I realize that, in one sense, none of this matters. The Court has ruled as it has and many states have already followed. But as the issue will continue to be the focus of the most intense debate, it’s still important to be as clear as possible about the debate’s premises as well as the chaos, suffering and further division this ruling will surely engender. Though this phase of the fight is over, the battle will continue.

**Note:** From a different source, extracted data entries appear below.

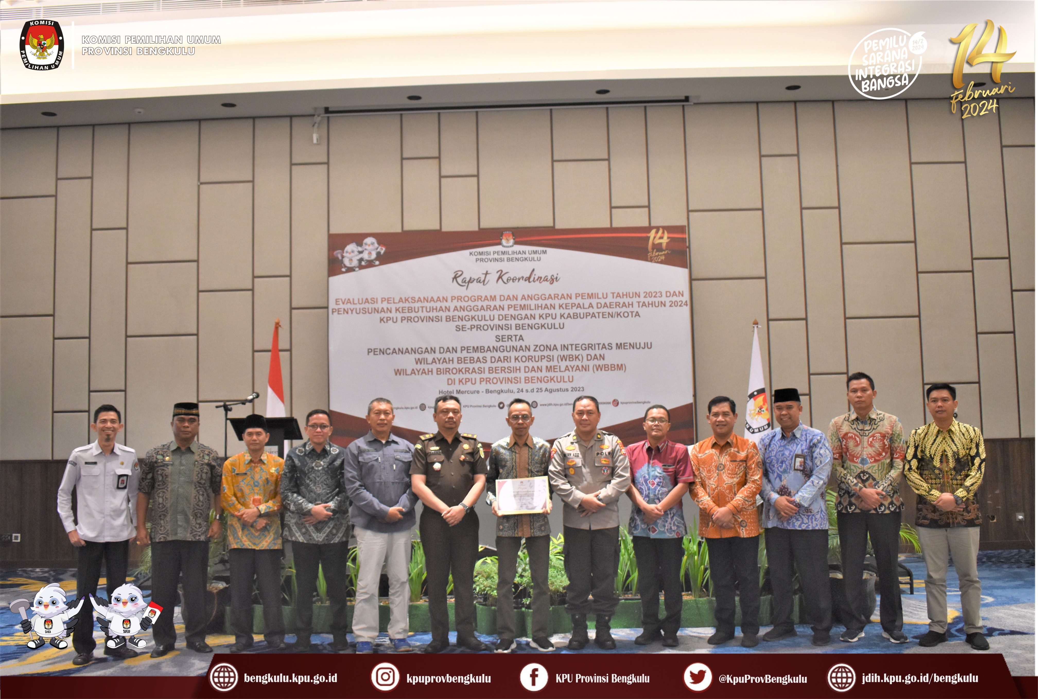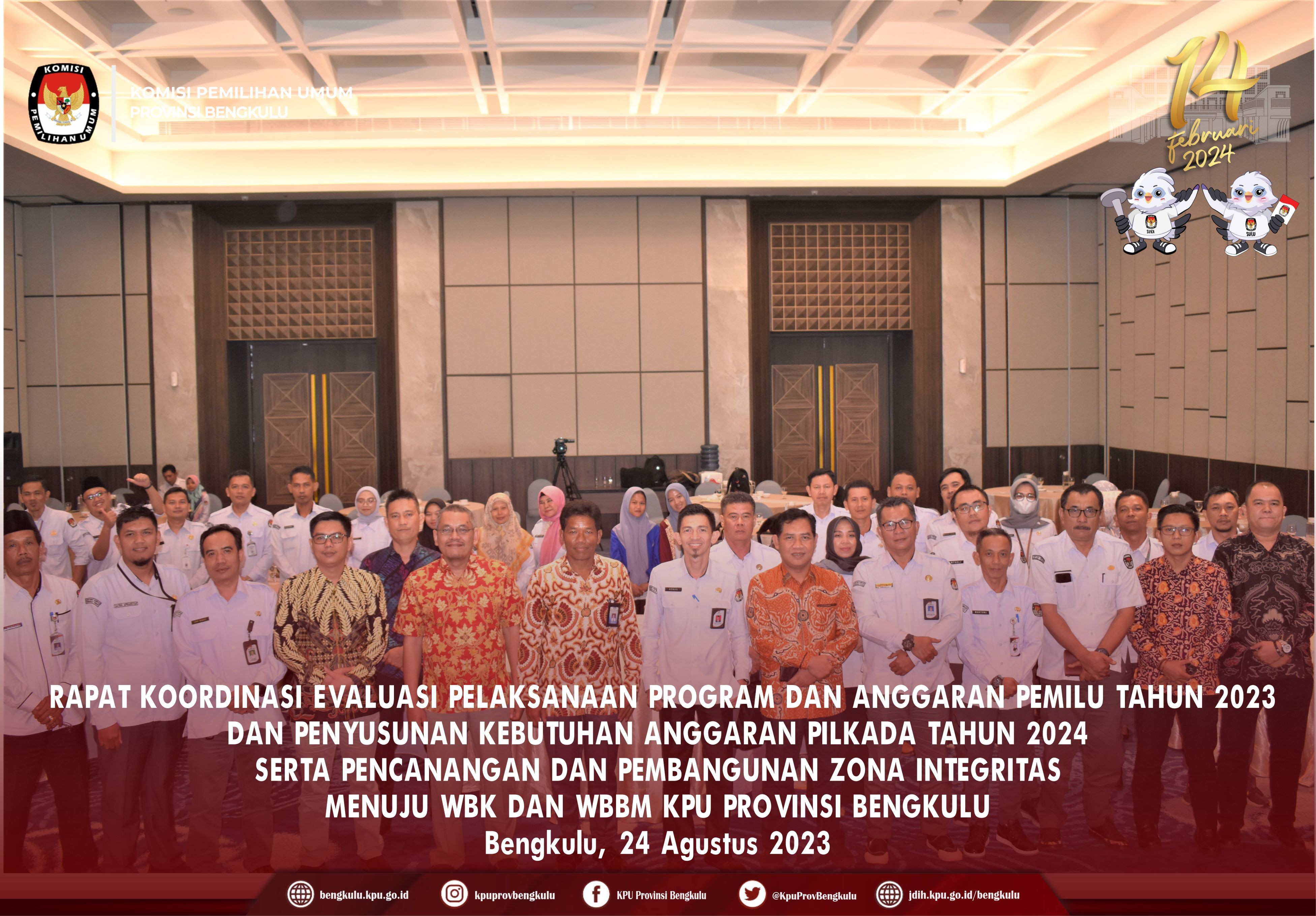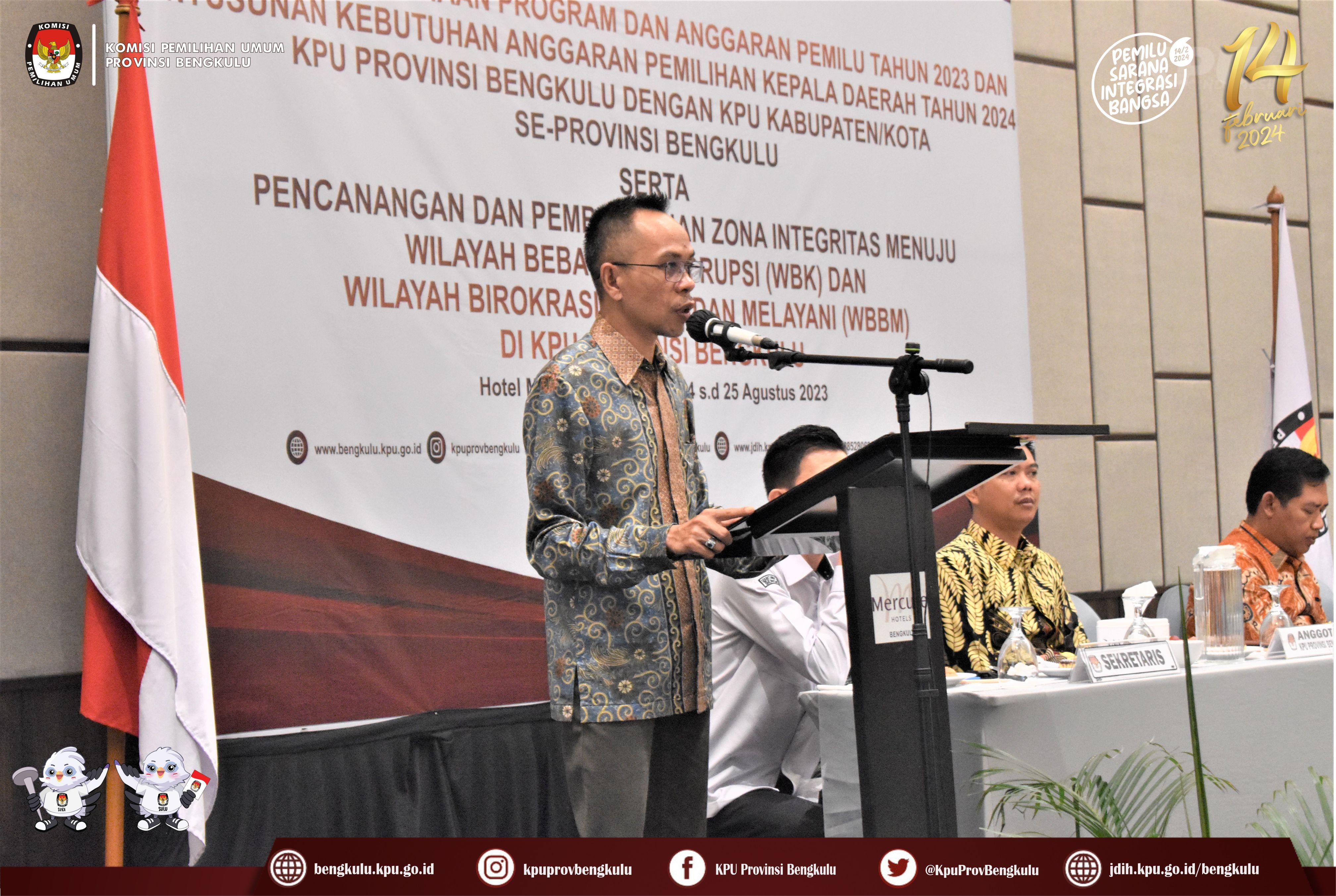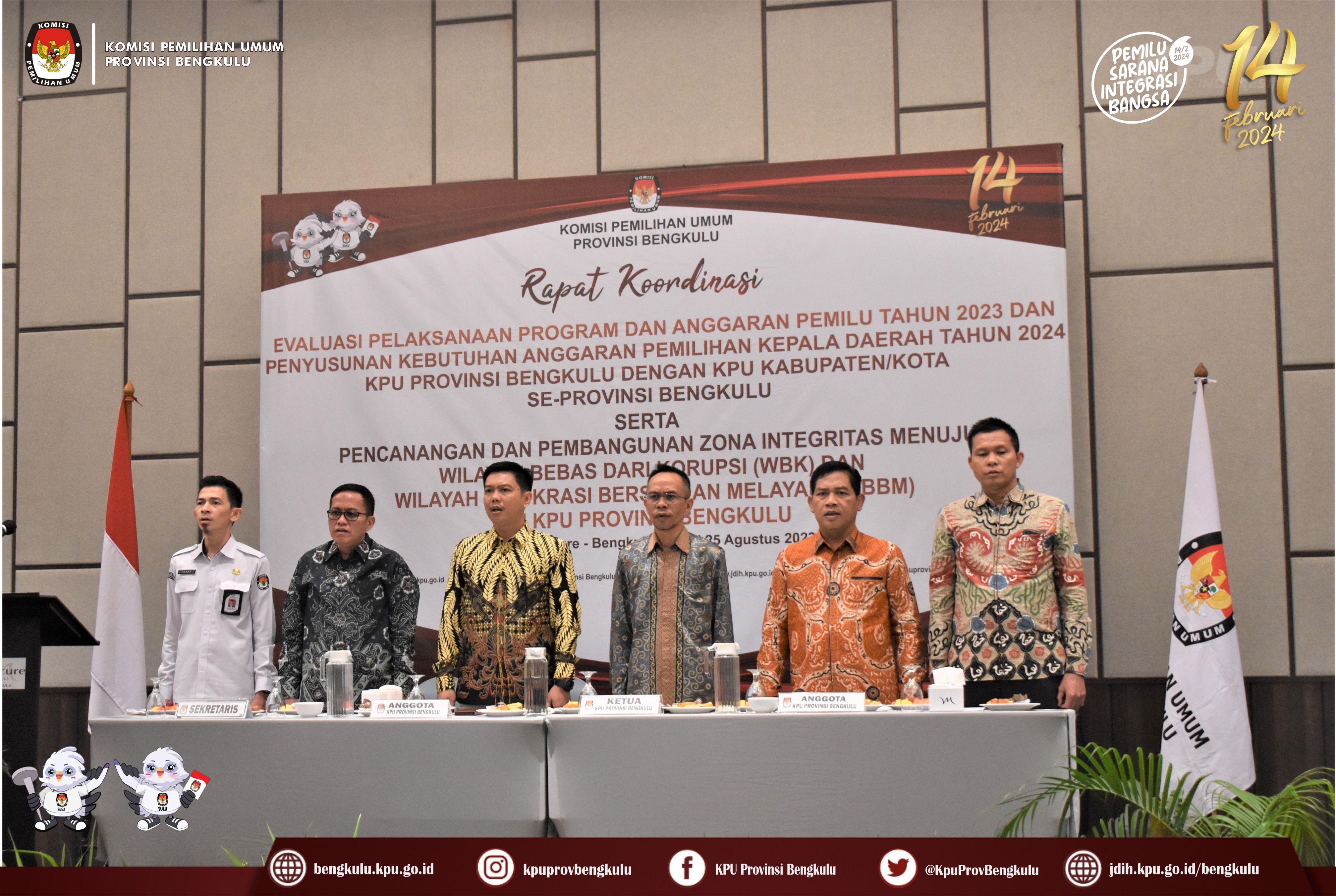 Ketua KPU Provinsi Bengkulu Rusman Sudarsono bersama Anggota Alpin Samsen, Dodi Hendra Supiarso, Emex Verzoni dan Sarjan Efendi serta Sekretaris Kemas Mohammad Ajir membuka Rapat Koordinasi Evaluasi Pelaksanaan Program dab Anggaran Pemilu Tahun 2023 serta Penyusunan Kebutuhan Anggaran Pilkada Tahub 2024, Kamis (24/8/2023). Peserta kegiatan yang hadir adalah Unsur Polda, Ombudsman, Kejati, Danrem 041 Gamas, Bawaslu Provinsi, KIP, Dinas Dukcapil, dan Kesbangpol, serta Ketua Divisi Rendatin, Sekretaris, Kasubbag Rendatin dan Operator Perencanaan KPU Kabupaten/Kota se- Provinsi Bengkulu. Rangkaian acara dibuka dengan menyanyikan Lagu Indonesia Raya, Sambutan Ketua KPU Provinsi Bengkulu, dilanjutkan dengan Pencanangan dan Pembangunan Zona Integritas menuju Wilayah Bebas dari Korupsi (WBK) dan Wilayah Birokrasi Bersih dan Melayani (WBBM) di KPU Provinsi Bengkulu. Acara diisi dengan Penyampaian Materi dari Kanwil DJPb Provinsi Bengkulu Muhammad Budi Dharmanto dan Kepala BPKP Provinsi Bengkulu Muzzakir.
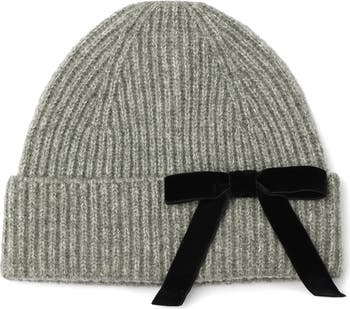 A velvet bow adds a charming touch to this ribbed beanie that will keep you looking stylish and staying warm every chilly day.
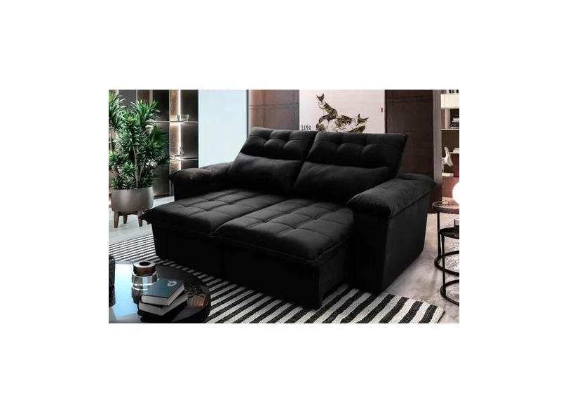 Sofá Retrátil E Reclinável Com Molas Veludo Preto 2.20 - Real Comfort
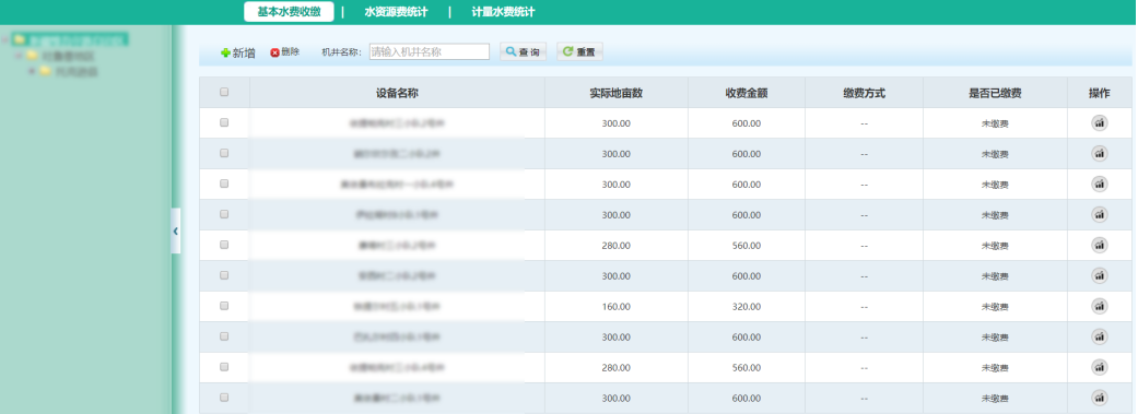 計訊物聯(lián)智慧水務(wù)系統(tǒng)可實現(xiàn)預(yù)付費和預(yù)授權(quán)等方式的水費繳收,可按業(yè)務(wù)規(guī)則設(shè)置收費規(guī)則,如根據(jù)機井控制器對應(yīng)的土地畝數(shù)和水價計算出收費金額,不同輪次不同價格。繳費方式可為現(xiàn)金、銀行卡、支付寶、微信等。
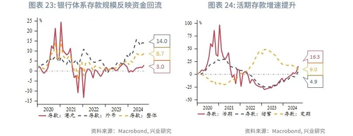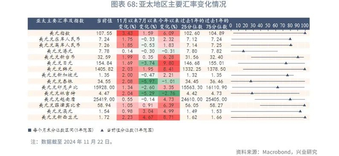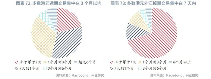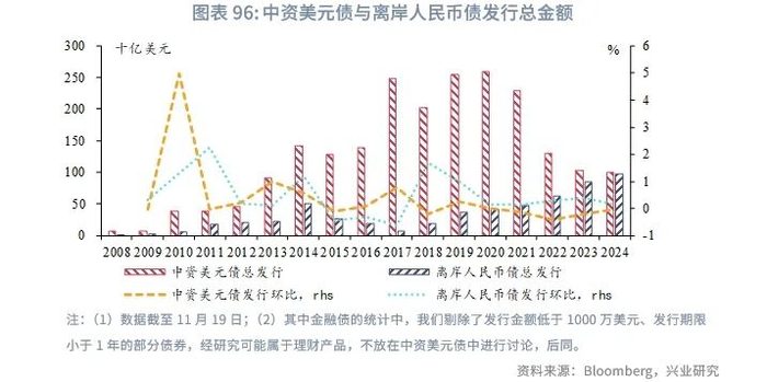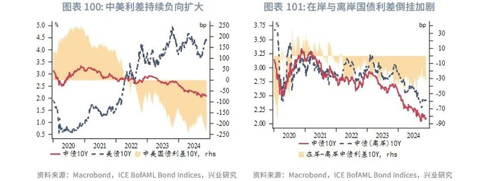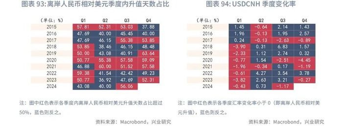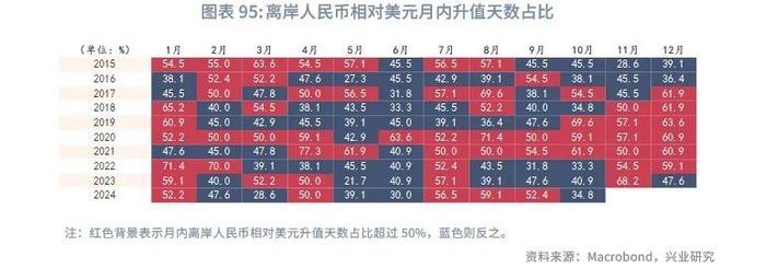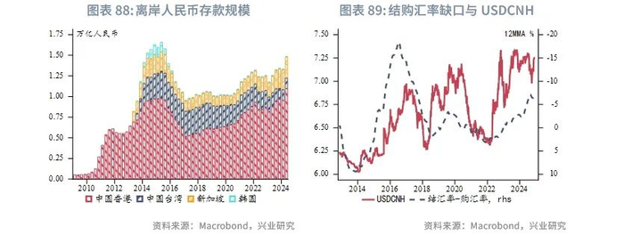 展望2025年,离岸人民币或将跟随在岸人民币上半年升值,特别是第一季度结汇较为活跃,但下半年有所回调。如果美国对中国商品加征关税,离岸人民币面临更大的贬值压力。根据兴业研究外汇商品部对在岸人民币的研究[5],上半年人民币在“特朗普交易”告一段落后有望重新获得升值动力,创造购汇锁定窗口,下半年需关注美国可能进入第三库存周期需求上行期,套息交易重构造成日元和人民币走弱,以及中美关税冲突导致的人民币承压(时间不定,偏脉冲式影响)。逆周期调控相机抉择,双向调控汇率预期。
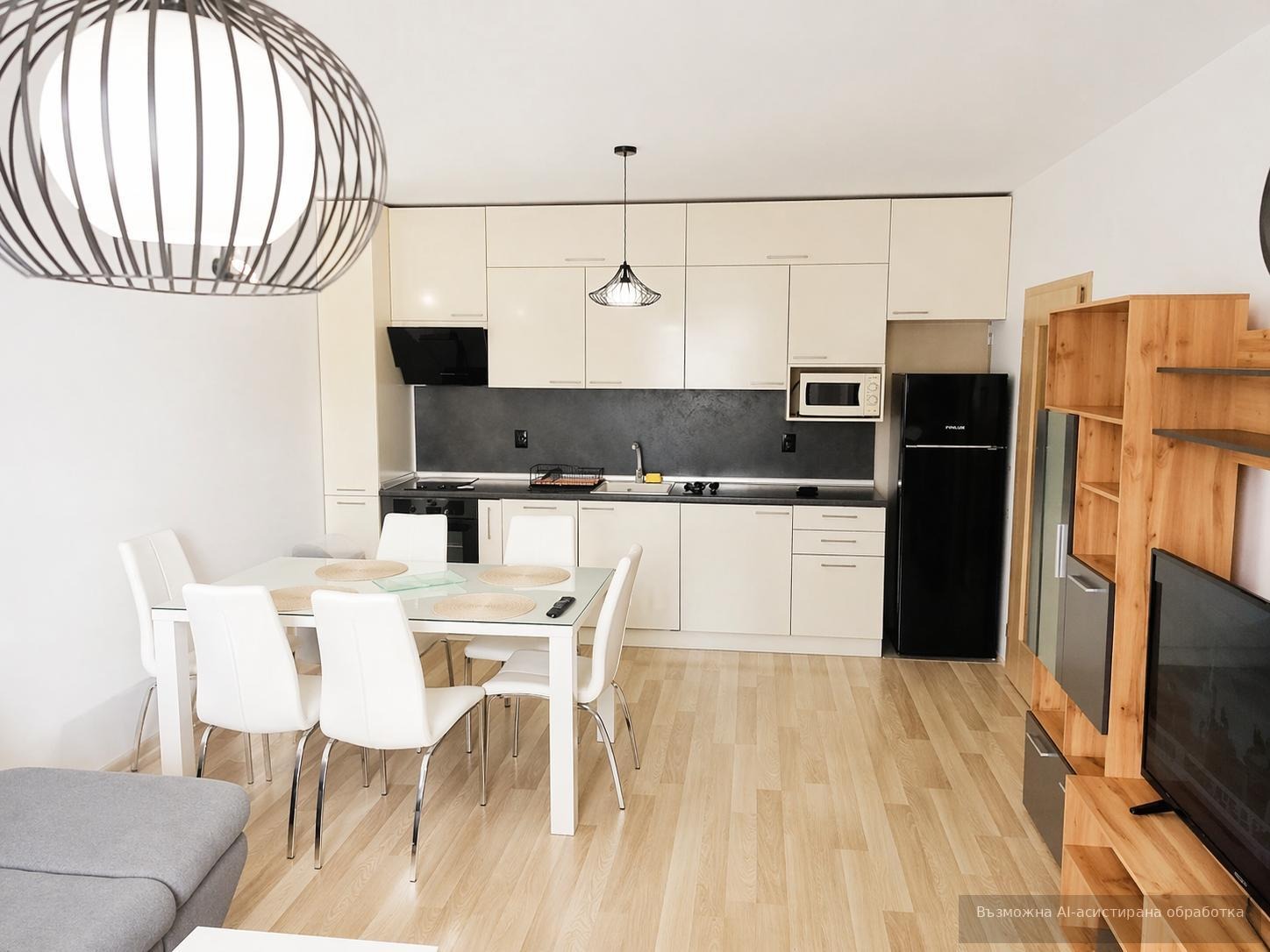 Разпределението включва хол с кухненски бокс, спалня, баня с тоалетна и тераса. Апартаментът е обзаведен, отоплява се на ток и е оборудван с климатик.
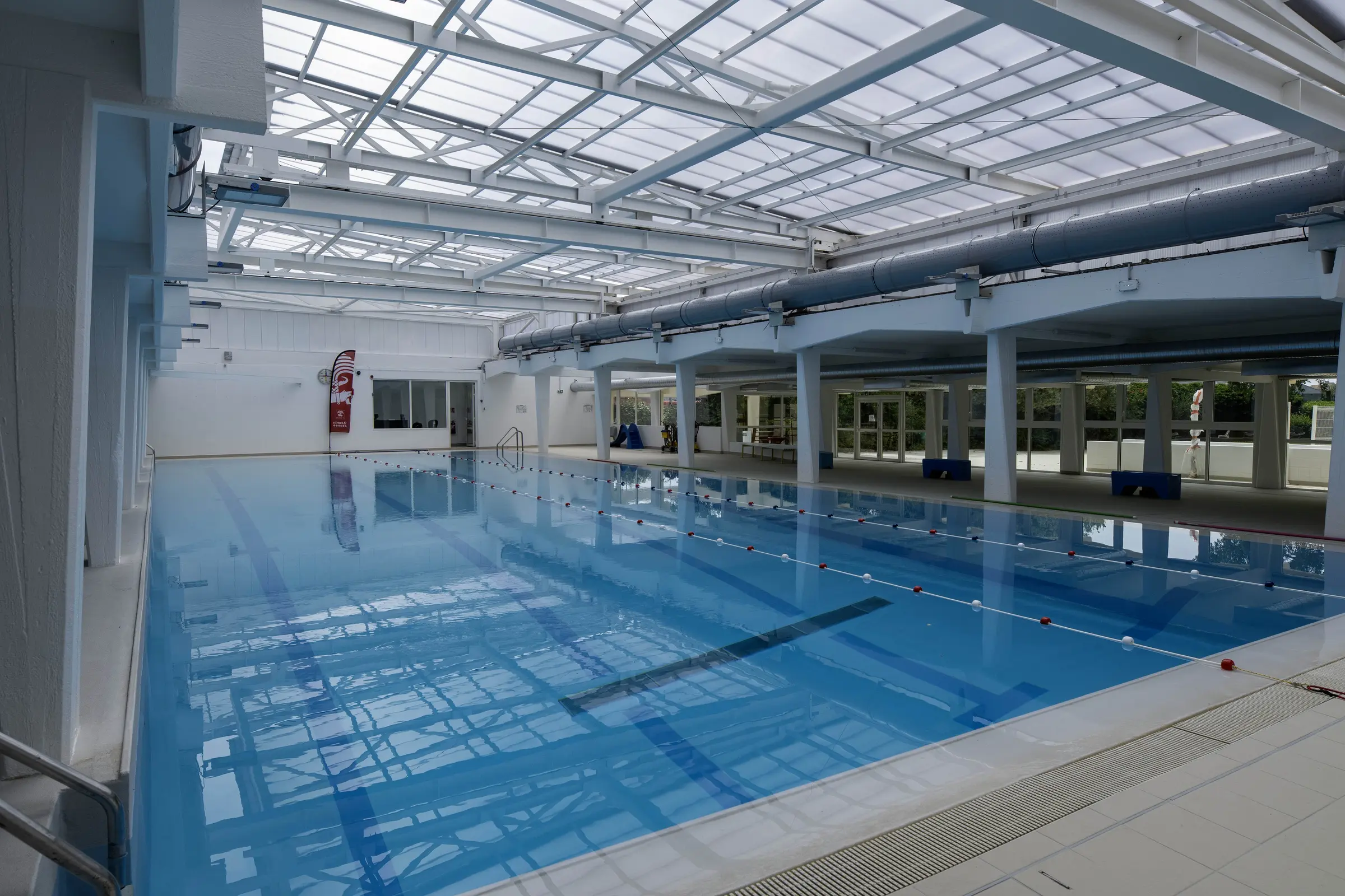 L'étanchéité du bassin a été traitée par l'application d'une résine Epoxy sur les bétons existant après dépose du carrelage. Les dimensions du bassin en longueur, largeur et profondeur ont été conservées : 25m x 10m et de profondeur de 1.70m à 3.50m.
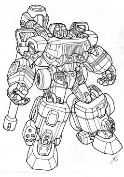 Finally got around to getting this inked and scanned. next is colors when I get the time for that.The character is Hubcap from a rare transformer toy line that not to many people know about.

Happy 4th to all who celebrate!
Thanks, Jonathan. I think we have established that the conservative majority doesn't let science or consistency get in the way. The fact that the first anti-abortion law was only passed in 1821, and that was after "quickening" (around the 13th-14th weeks) should provide sufficient evidence that the Founding Fathers didn't feel the need to assert the right to an abortion because women possessed that right already. And if they opposed abortion, not before 13 weeks. And let's review the conservative "pro-life" stance. They struck down gun protection laws that will lead to more deaths. They struck down abortion, which will lead to more maternal deaths. They kneecapped the EPA, which will lead to more environmentally-caused deaths. They support the death penalty, which leads to more deaths. They oppose the ACA and expanding Medicaid, which leads to more deaths. They oppose "pesky" safety regulations that are a "burden" to big businesses like coal mines, which lead to more deaths. I am really struggling to see what Conservatives do to save lives other than those of fetuses of poor women, who will be the only ones unable to access abortion care and will then be accused of being a burden on society and some of whose kids will be put in the school-to-prison-to-death-row pipeline.